> **WHAT TO WORK ON**
Repeat every line from the line containing "称呼: 邮箱: 点击这里取消回复。" to the end of the data, exactly. Leave the pictures out.

> **DATA SECTION**
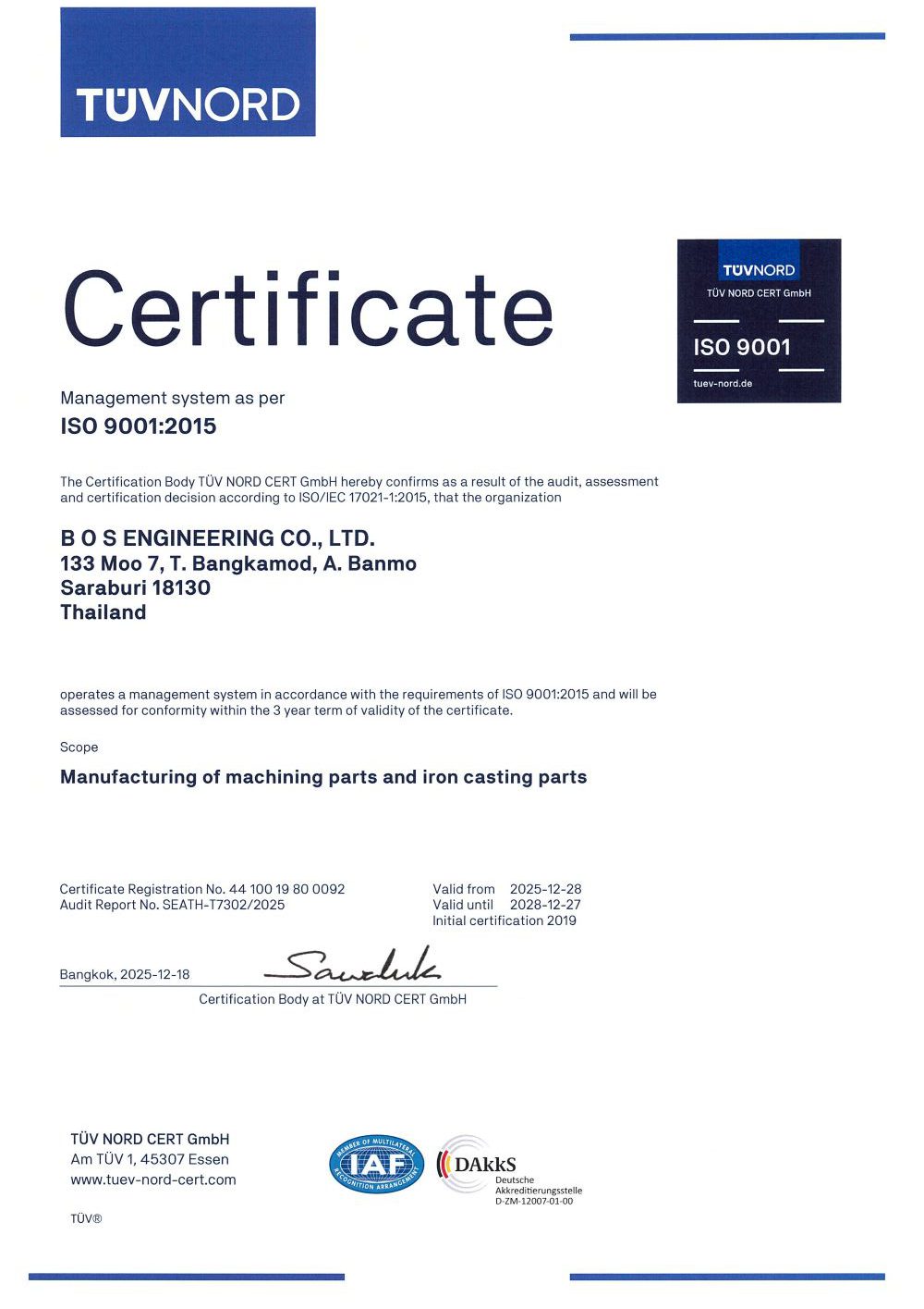 บริษัท บี.โอ.เอส. เอ็นจิเนียริ่ง จำกัด ได้ก่อตั้งในปี 2548 โดยเริ่มจากการเป็นผู้ผลิตและออกแบบแม่พิมพ์ทุกชนิดและกลึงขึ้นรูปชิ้นงาน ในปี 2549 บริษัทได้ขยายกิจการโดยเป็นผู้ผลิตชิ้นส่วนทางด้านการเกษตรในด้านงานหล่อเหล็ก ด้วยเครื่องจักรระบบอัตโนมัติเพื่อส่งออกและขายภายในประเทศ โดยจัดส่งให้บริษัทชั้นนำเพื่อไปประกอบเป็นสินค้าสำเร็จรูป และในปี 2559 บริษัทได้เห็นถึงความต้องการของชิ้นส่วนเหล็กหล่อรูปพรรณสำเร็จรูปที่มีคุณภาพสูงขึ้นจึงได้ขยายกิจการ เพื่อเข้าสู่ตลาดอุตสาหกรรมยานยนต์ โดยการลงทุนและพัฒนาการหลอมเหล็กด้วยเทคโนโลยีที่ทันสมัย อาทิเช่น ระบบเตาไฟฟ้าคุณภาพสูง แขนกลหุ่นยนต์โรบอท และพัฒนาระบบคุณภาพตามมาตรฐานสากล เพื่อตอบสนองความต้องการของลูกค้าและทำให้ลูกค้าเกิดความพึ่งพอใจสูงสุด และในปี 2566 บริษัท บี.โอ.เอส. เอ็นจิเนียริ่ง จำกัด ได้ก้าวสู่ตลาดสากล โดยการผลิตชิ้นส่วนประกอบวาล์วแรงดันและชิ้นส่วนขายึดเสาโซล่าเซลล์ และทางบริษัทยังตระหนักถึงด้านผลกระทบต่อสิ่งแวดล้อม เช่น การรีไซเคิลชิ้นงานเหล็กที่ทิ้งหรือชำรุด ซึ่งวัสดุเหล่านี้มีมูลค่า สามารถนำไปรีไซเคิลเพื่อเป็นวัสดุตั้งต้นในการผลิตเหล็กหล่อสร้างรูปพรรณใหม่ได้ การผลิตเหล็กโดยใช้เศษเหล็กรีไซเคิลนี้ ช่วยลดการทำลายธรรมชาติลงได้ ภายใต้การรับรองระบบบริหารคุณภาพ ISO 9001 : 2015 IATF 16949 : 2016 PED2014/68/EU PER2016,UK ISO 14001 : 2015 จนมาถึงปัจจุบัน
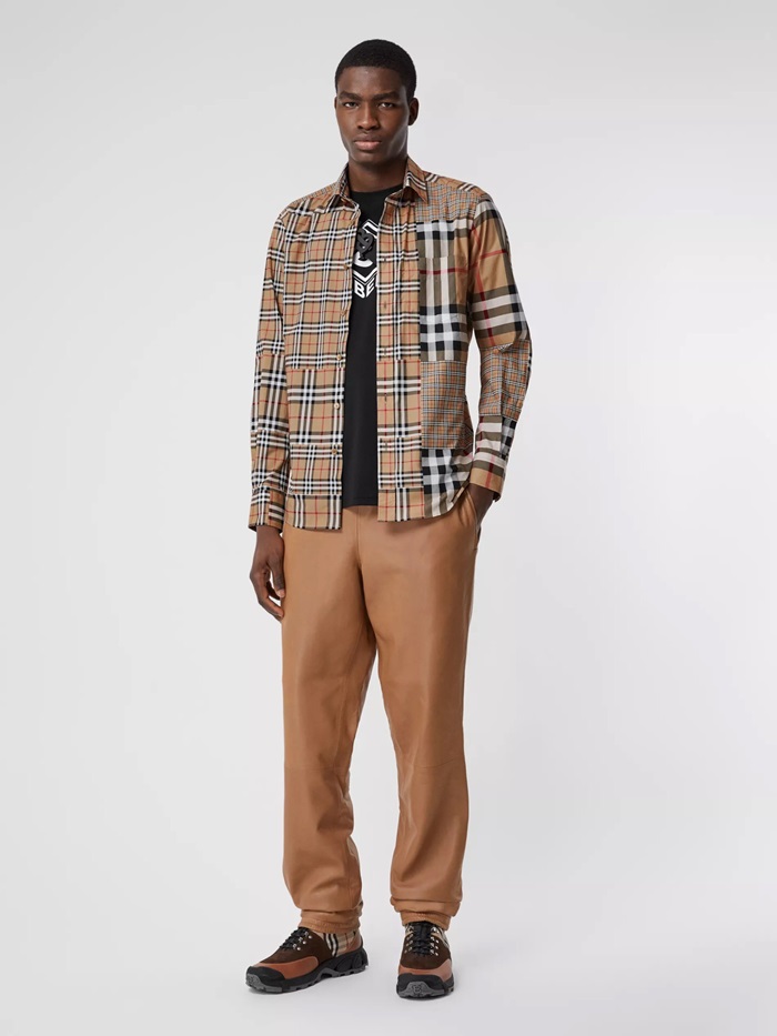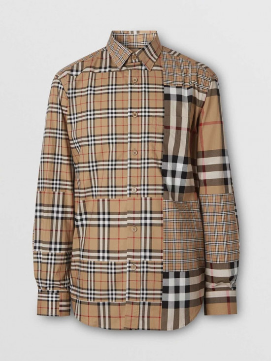 バーバリーバーバリーメンズヴィンテージカジュアルコットンシャツr01872キャメル
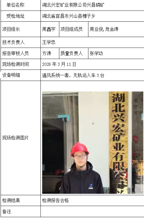 湖北兴宏矿业有限公司兴昌磷矿2026/04/082026年检测检验项目 00 上一篇: 湖北紫岗矿业有限公司下一篇: 京山县宋河镇马家冲碎石厂 相关推荐 吉安市青原区茶家山采石场(普通合伙) 2026/04/09 3 查看全文 阳新县宏达矿业有限责任公司 2026/04/08 1 查看全文 湖北兴发化工集团股份有限公司兴-神磷矿瓦屋矿区IV矿段 2026/04/08 1 查看全文 湖北冯家山矿业有限责任公司 2026/04/08 1 查看全文 您好!请登录 点击取消回复 称呼: 邮箱: 点击这里取消回复。
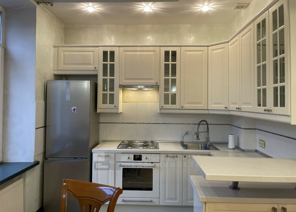 Квартира со всей техникой и мебелью: встроенная техника на кухне - холодильник, плита, духовой шкаф, вытяжка, посудомоечная машина, а также стиральная машинка.

> **OUTPUT OF THE EXERCISE**
 湖北兴宏矿业有限公司兴昌磷矿2026/04/082026年检测检验项目 00 上一篇: 湖北紫岗矿业有限公司下一篇: 京山县宋河镇马家冲碎石厂 相关推荐 吉安市青原区茶家山采石场(普通合伙) 2026/04/09 3 查看全文 阳新县宏达矿业有限责任公司 2026/04/08 1 查看全文 湖北兴发化工集团股份有限公司兴-神磷矿瓦屋矿区IV矿段 2026/04/08 1 查看全文 湖北冯家山矿业有限责任公司 2026/04/08 1 查看全文 您好!请登录 点击取消回复 称呼: 邮箱: 点击这里取消回复。
 Квартира со всей техникой и мебелью: встроенная техника на кухне - холодильник, плита, духовой шкаф, вытяжка, посудомоечная машина, а также стиральная машинка.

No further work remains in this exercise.